記録のあれこれ 35 津久井湖記念館

宮ヶ瀬ダムと城山ダムを見てみようと思ったきっかけの一つが、地図を眺めていたら津久井湖畔に津久井湖記念館があったことでした。

 

記念館のサイトにはこんな設営がありました。

津久井湖記念館の歴史は、神奈川県が昭和28年に発表した城山ダム築造計画に始まります。城山ダム築造計画は、神奈川県と横浜、川崎、横須賀の3市による共同事業で、神奈川県はじまって以来の一大事業でありました。

 

私達水没地域住民は、県の計画に対し、自らを守るための水没者組織を作って、事業の撤回を要請し、8年半に渡ってダム建設反対を叫び続けてきました。しかし、昭和36年8月、私たちは神奈川県民の水需要に応えるため、先祖伝来の墳墓の地を離れる決心をしたのであります。

それは、多年にわたる補償交渉の最後に、水没者の将来における生活の安定、向上を図るため「城山ダム建設に伴う総合施策要綱」が県から示されたことにほかなりません。

このことにより、昭和36年11月城山ダム築造は工事が開始され、昭和40年3月に完成を見るに至りました。

そして1年を経た昭和41年3月、県によって当記念館が建設されたものであります。

 

当館の運営については、県と種々協議を重ねた結果、水没者の共済事業も合わせて「財団法人神奈川県津久井湖協会」を設立して行うことになり、この協会の設立準備が県庁企業庁と城山ダム移住者振興協議会とにおいて進められました。 

 

県や国土交通省の施設かと思ったら、「水没地域住民」が主体の記念館でした。

私が生まれる前に計画ができて、私が生まれる頃に建設が始まった。

ダムを見て回っていた90年代頃は、まだ国が一方的にこうした事業を進め、話し合いの過程の記録は残されていないようなイメージが長いこと私にはあったのです。

 

一方、宮ヶ瀬ダムのそばには愛川町郷土資料館と水とエネルギー館があり、おそらく経緯についての展示があるのではないかと思うのですが、今回は時間がなくて行けませんでした。

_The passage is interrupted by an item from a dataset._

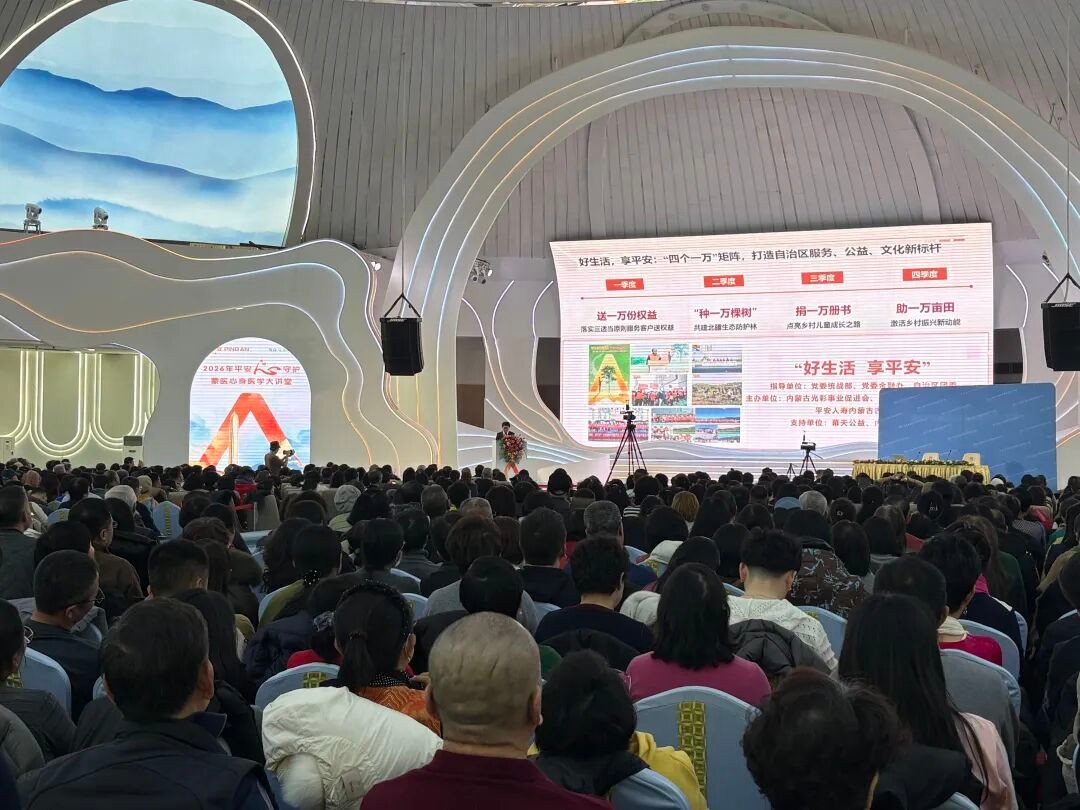 2026年1月11日,平安“心守护”蒙医心身医学健康大讲堂在呼和浩特举行,近1500名金融界人士参与。纳贡毕力格博士主讲,分享心身调节技巧,活动助力金融从业者应对健康挑战,践行“健康中国”战略。

宮ヶ瀬ダムも1969年には計画が発表され、補償交渉に十数年ほどかけたのちに「計画発表から29年後の2000年(平成12年)に完成」(Wikipedia、「宮ヶ瀬ダム」)とあります。

それが、現在は「みうらの水道」として45kmも離れた三浦半島まで送水されているようです。

 

ひとつひとつのダムにはそれぞれの経過があり、その時の記録を残した施設が半世紀前にはすでに造られていたことはすごいことだと思いました。